Locale: Manulea (Malaka Tengah), Atoin Meto people
Period: Late 19th to early 20th c.
Panels: 2
Design: Manulea striped men’s cloths with numerous ikated bands and stripes are a classic type of Timor textile, prized for their unusually detailed, sharply defined ikat. Their use of green is a distinctive characteristic of Manulea weaving. The wider bands are decorated with what appears to be a variant of the typically Timorese kaif motif. Manulea is the informal name for a group of districts that form an Atoni area within the otherwise Tetun Malaka, which is the heartland of the Tetun people who arrived in Timor in the 14th c. It has a distinctive textile tradition that reflects Manulea’s political separation from the dominant central and eastern Timor culture since at least the mid 18th c, the trademark of these textiles being their rich red-brown color (also found in other Atoni areas) and particularly their very fine weaving.
Size: 116 x 220 cm (45.6 x 86.6 in)
Weight: 1110 g (435 g/m2)
Yarn: Cotton, hand-spun, medium
Comment: Antique Manulea beti in excellent condition. Remarkable is that it is 'full-asli': hand spun yarn and vegetable colours only. Manulea was one of the Timor regions where commercial yarn was adopted early: nearly all ikat from 1950 and later is done in commercial yarn. According to Threads of Life (website), Manulea weavers in the past would take recourse to up to twenty consecutive dye baths to obtain the desired depth of morinda saturation.

Often confused with Biboki cloths, Manulea bete krao can be recognized by the unique touches of blueish green. A thin but heavy cloth.

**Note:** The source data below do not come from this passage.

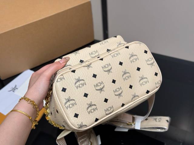 / 配飞机盒Mcm经典双肩包立体而自然 对花剪裁以中轴为对称中心线的上线倒向对称,十分完整完美,尤其包型 超有弧度感的!尺寸: 21*27Cm 小号 26*33Cm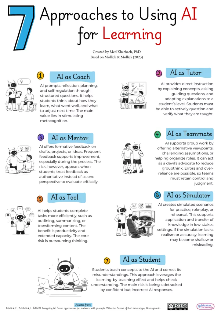 In 2023, Ethan Mollick and Lilach Mollick from the Wharton School published a paper that moved the conversation forward. They identified seven distinct approaches to using AI for learning, each with its own pedagogical purpose and risks.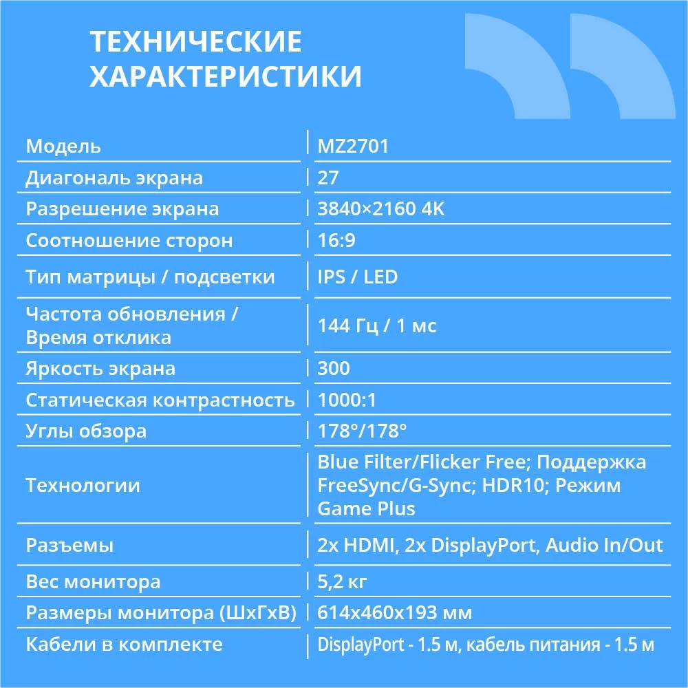 CBR LCD Монитор 27" MZ-2701 безрамочный, IPS, UHD 4K 3840x2160, 144Гц, Динамики 2*3W, HAS, Pivot, 2*DP/2*HDMI, внутренний БП, FreeSync, черный, кабель DP 1.5м в комплекте [LCD-MZ2701-OPC]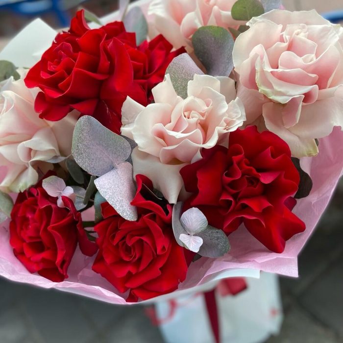 Французская роза – 9 шт. Эвкалипт – 1 шт. Упаковка дизайнерская – 1 шт.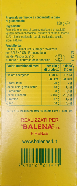 Ingredienti: sale commestibile iodato, grasso di palma, esaltatore di sapidità (glutammano monosodico), estratto di carne di manzo 13%, cipolle essiccate, carote essiccate, spezie, aroma naturale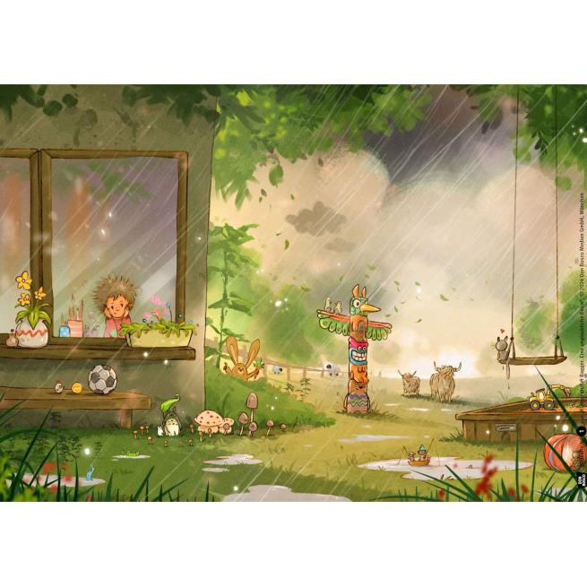 Pitschnass ist es draußen, denn es hört einfach nicht auf zu regnen. Der kleine Robert versucht dem Wetter zu trotzen und spielt dennoch im Nieselregen im Sandkasten. So richtig viel Spaß macht das bei all der Nässe aber irgendwie nicht und der Sand lässt sich auch nicht vernünftig auftürmen. Robert ist ganz schön frustriert, als plötzlich sein gelber Spielzeugbagger mit ihm spricht und sie gemeinsam Gräben und Löcher baggern, damit das Wasser abfließen kann. Als es jedoch immer stärker regnet, beschließen Robert, der Bagger und die Uhrenfee Uhrsula, einfach gemeinsam dorthin zu reisen, wo das schlechte Wetter herkommt.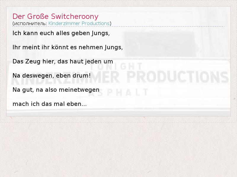 А как ты думаешь, о чем песня "Der Große Switcheroony" ?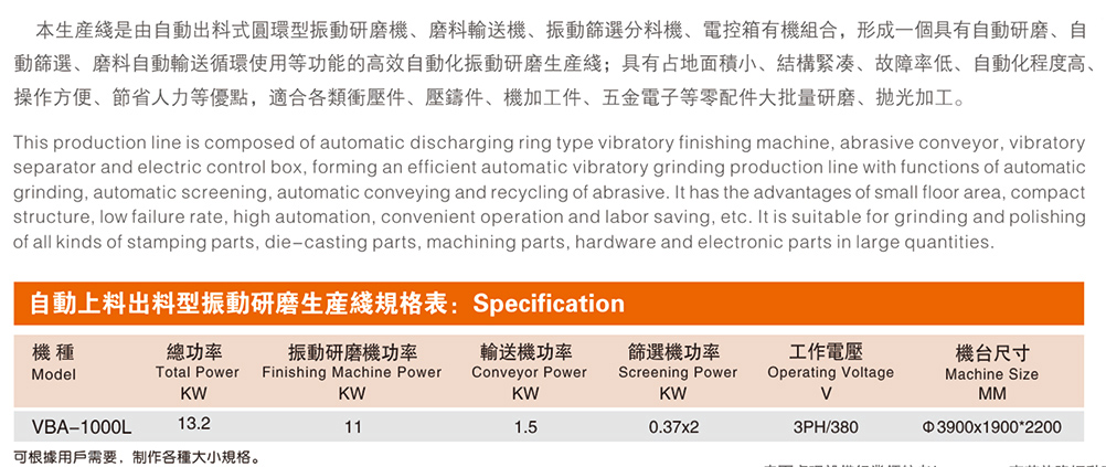 VBA-1000L自动上料出料振动研磨生产线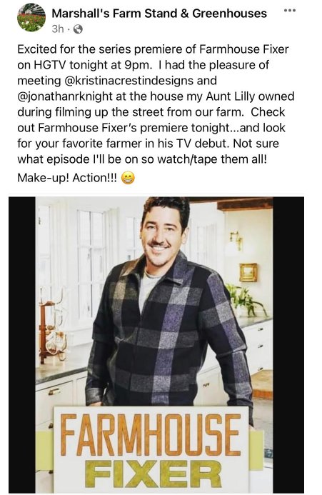 West Gloucester on HGTV! Farmhouse Fixer- new reno show with Jonathan Knight and Kristina Crestin. Look for Bob Marshall’s interview, Marshall’s Farm Stand
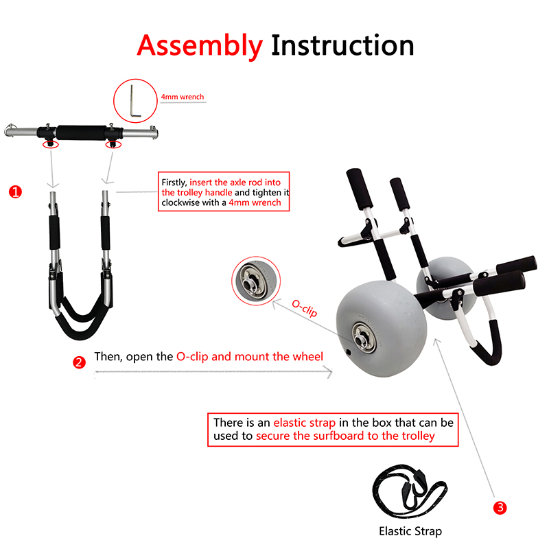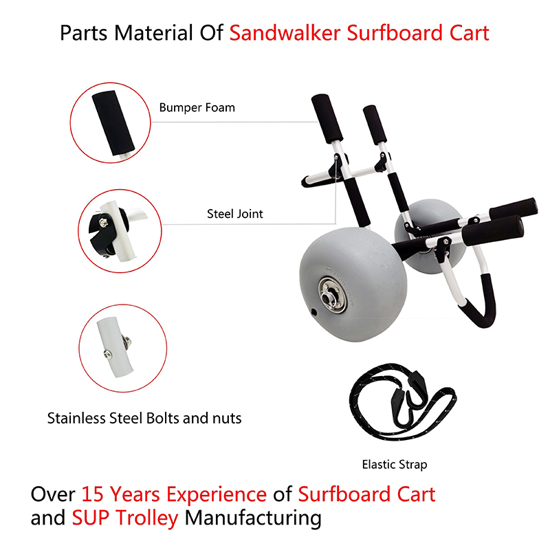 Sicherer und geschützter Transport: Der Strandwagen verfügt über Nylon-Kunststoffteile, Bungee-Spanngurte und Schaumstoff-Stoßpolster, die alle darauf ausgelegt sind, Ihr Surfbrett während des Transports sicher und geschützt zu halten. Die Kombination dieser Eigenschaften stellt sicher, dass Ihr Surfbrett in ausgezeichnetem Zustand bleibt, frei von Kratzern oder Schäden durch Bewegung oder Stöße.

Under microscope textile looks like a jungle of intertwined vines of various diameter.
Background: Additional information in chapters on Timor and West Timor.
Published: Ikat Textiles of the Indonesian Archipelago, 2018.
Timor: Totems and Tokens, 2019.
Ikat Textiles of Timor: Indonesian and Timor-Leste, 2025.
Compare: 150
Sources: Very similar to pre-1930 bete krao in Rijksmuseum Volkenkunde, RV-2197-2, as well as to a speciment in the Yale University Art Gallery, Acc. nr. ILE2019.12.196, which however is disfigured by a bleached out spot in the middle. Similar example (detail) in Yeager & Jacobson, Textiles of Western Timor, Plate 226. Another similar cloth from this region, but much younger, and executed in commercial yarn, is depicted in Hamilton and Barrkman, ed., Textiles of Timor, Fig. 7-34.